Input records =
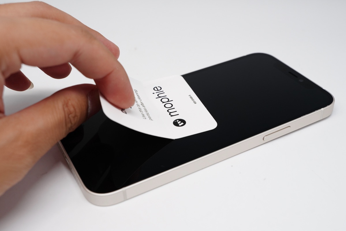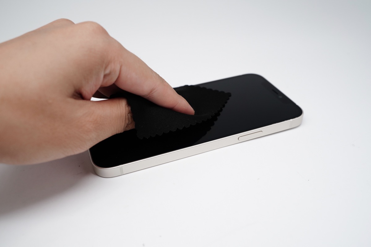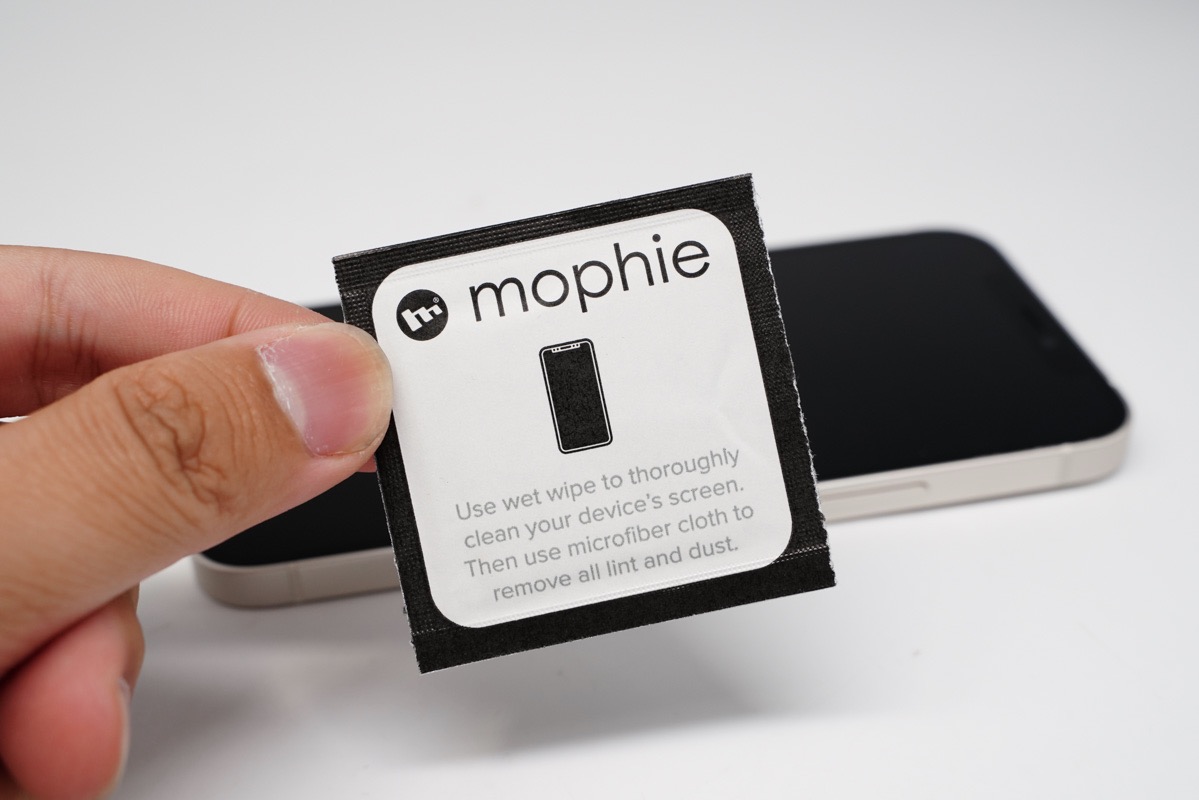 贴膜的操作相信大部分用户都很熟悉了,先用附带的mophie酒精擦纸将屏幕上的一些杂物擦除。
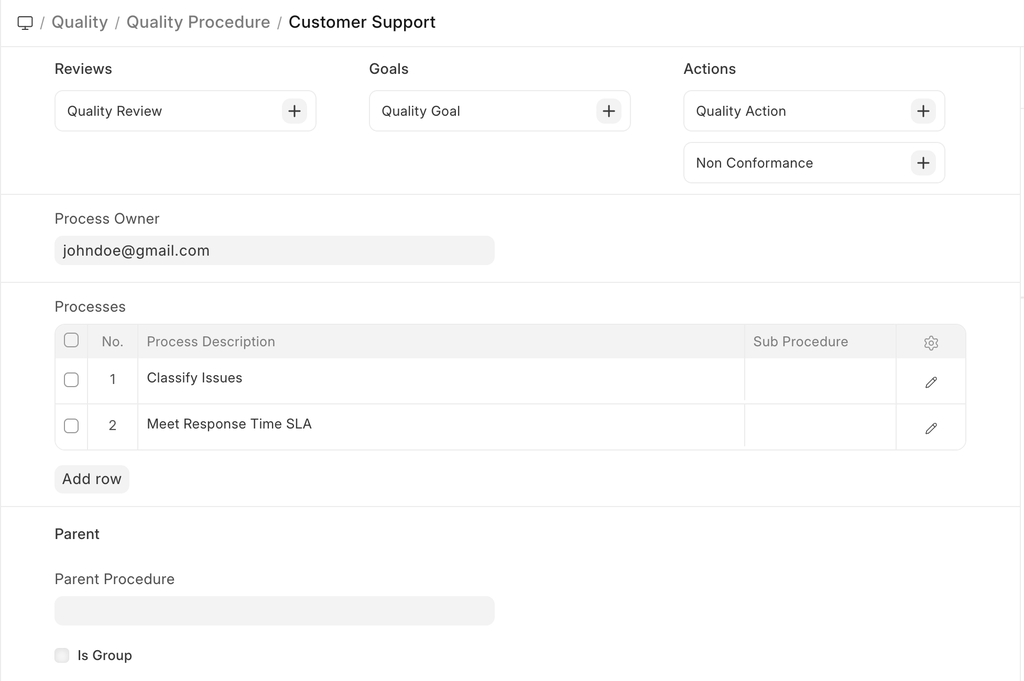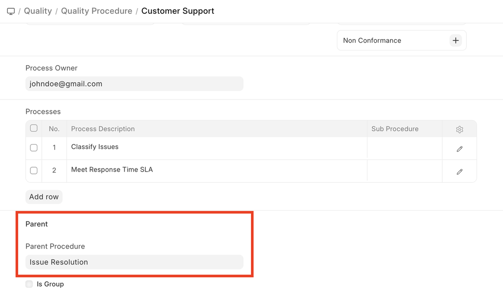 - Child Procedure: If the Quality Procedure being created a is a parent procedure that contains sub-procedures, link the sub-procedure here. On doing this, the current procedure becomes a parent and the 'Is Group' checkbox is enabled.
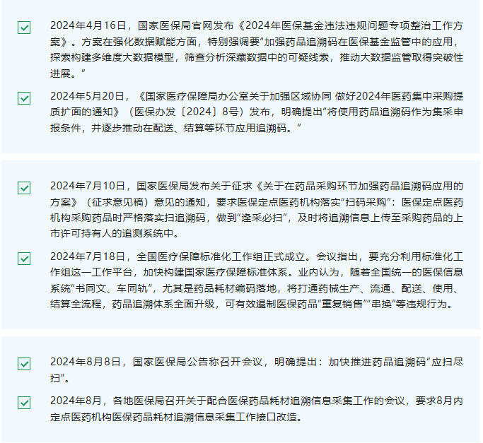 2024年,國家藥監部門和醫保局在藥品追溯碼管理方面邁出了重要步伐。這些政策要求:
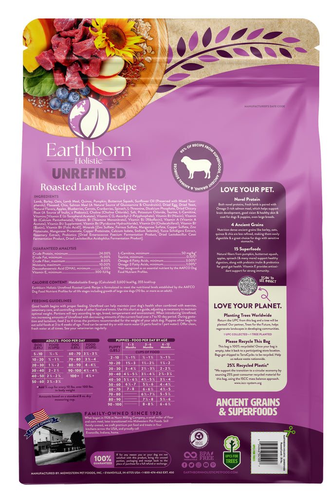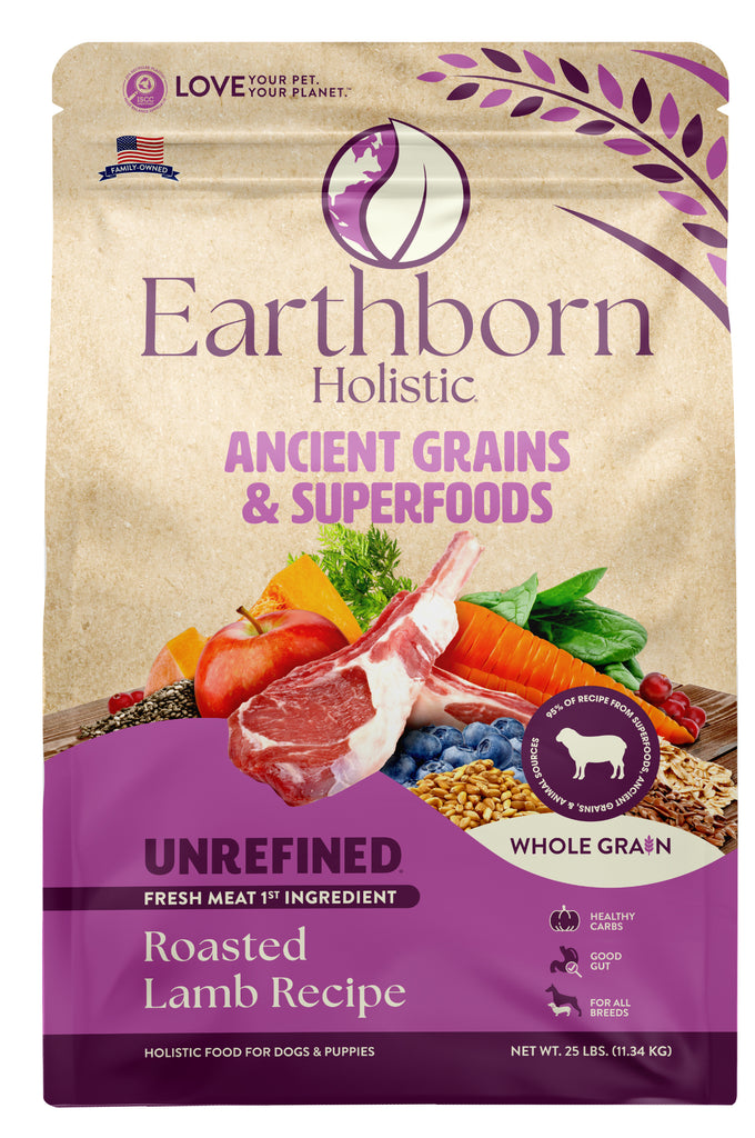 Earthborn Holistic Unrefined Roasted Lamb Recipe is formulated to meet the nutritional levels established by the AAFCO Dog Food Nutrient Profiles for all life stages including growth of large size dogs (70 lbs. or more as an adult).
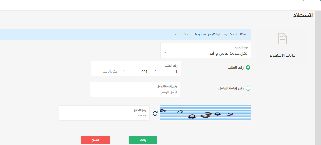 - اضغط على الاستعلام عن إصدار طلب.
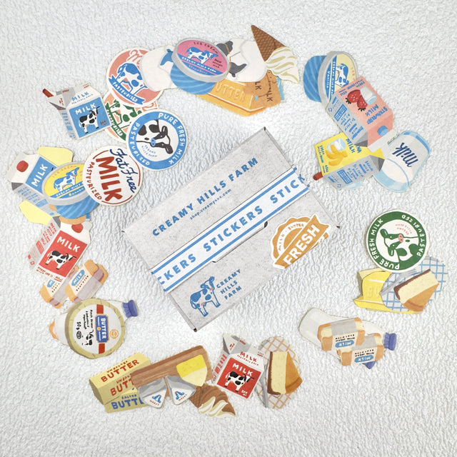 There are approximately 40 cute hologram stickers inside the miniature cute cardboard Farm Package
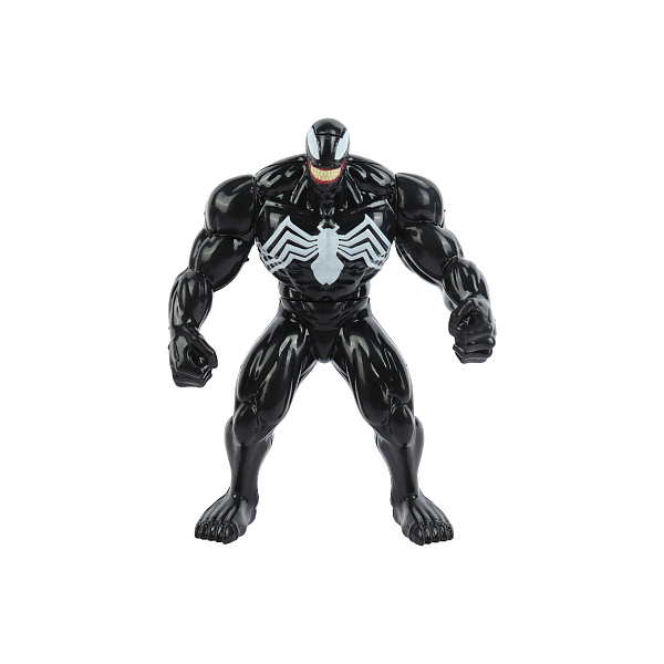 Сборная фигурка «Веном» выполнена в темных оттенках с характерными белыми полосами, имитирующими паучий символ на груди. Фигурка обладает высокой детализацией, включая текстурированные элементы, которые воспроизводят вид костюма симбиота. Изделие предназначено для сборки, включая отдельные части тела и головы, что позволяет детально изучить каждый аспект дизайна персонажа.
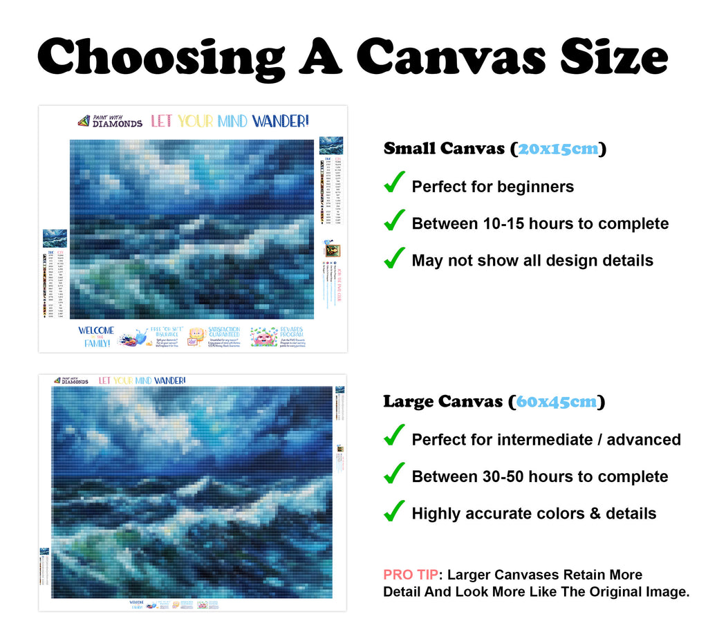 Escape into a world of vibrant colors and creative tranquility with the ‘Stormy Seascape’ Diamond Painting Kit. This exclusive full-drill design by artist Caleb Smith is available only at Paint With Diamonds. Let your mind unwind as you piece together shimmering diamonds to create a beautiful masterpiece.
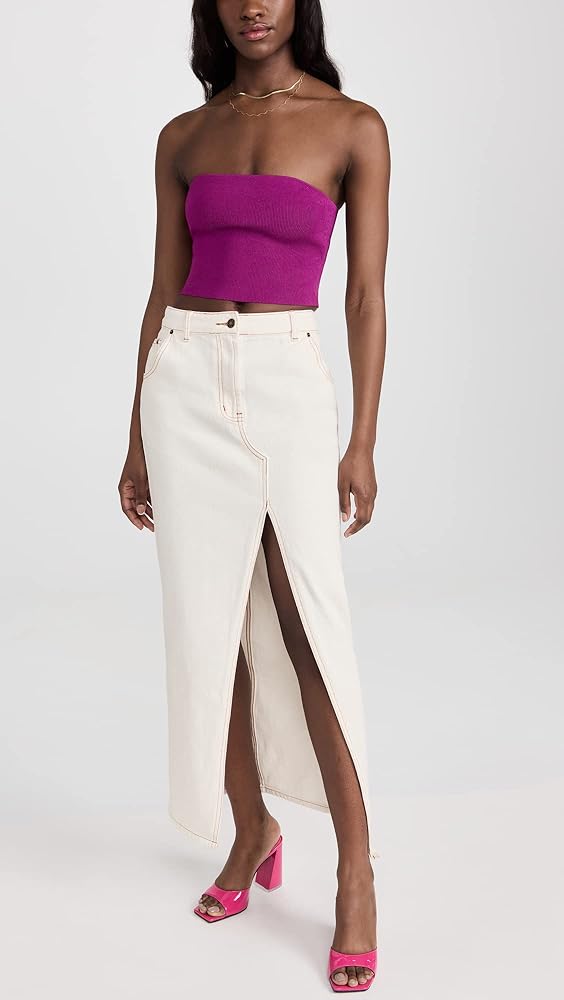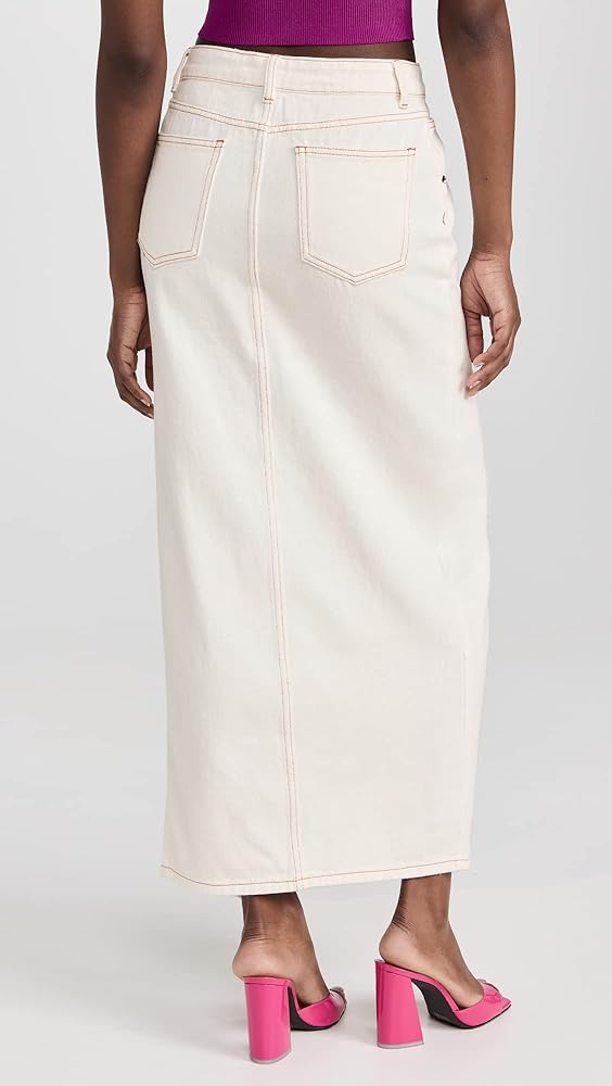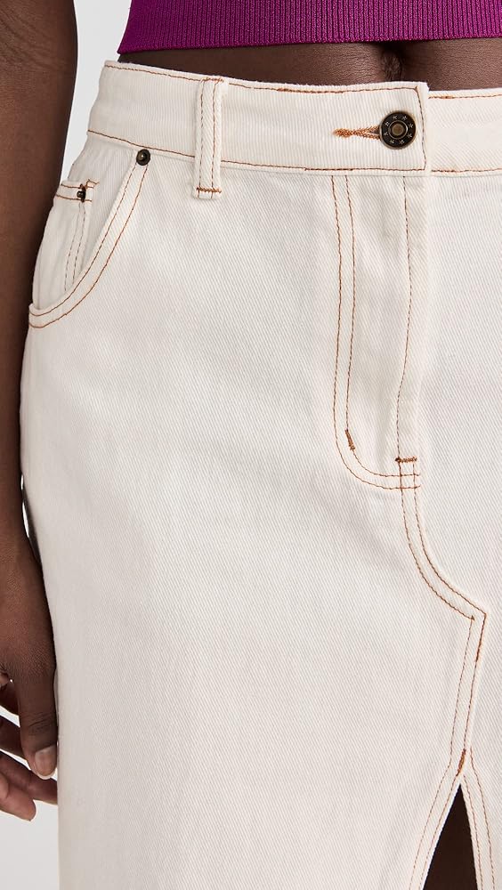 Sturdy, midnight-dark denim with classic contrast stitching composes this Lioness midi skirt, which gains a relaxed fit and eye-catching look from a thigh-high front slit.

Aim of the task = Please set down only the lines from the first line of the records above through the line that has "There are approximately", exactly, and not the pictures.

Exercise answer =
 贴膜的操作相信大部分用户都很熟悉了,先用附带的mophie酒精擦纸将屏幕上的一些杂物擦除。
 - Child Procedure: If the Quality Procedure being created a is a parent procedure that contains sub-procedures, link the sub-procedure here. On doing this, the current procedure becomes a parent and the 'Is Group' checkbox is enabled.
 2024年,國家藥監部門和醫保局在藥品追溯碼管理方面邁出了重要步伐。這些政策要求:
 Earthborn Holistic Unrefined Roasted Lamb Recipe is formulated to meet the nutritional levels established by the AAFCO Dog Food Nutrient Profiles for all life stages including growth of large size dogs (70 lbs. or more as an adult).
 - اضغط على الاستعلام عن إصدار طلب.
 There are approximately 40 cute hologram stickers inside the miniature cute cardboard Farm Package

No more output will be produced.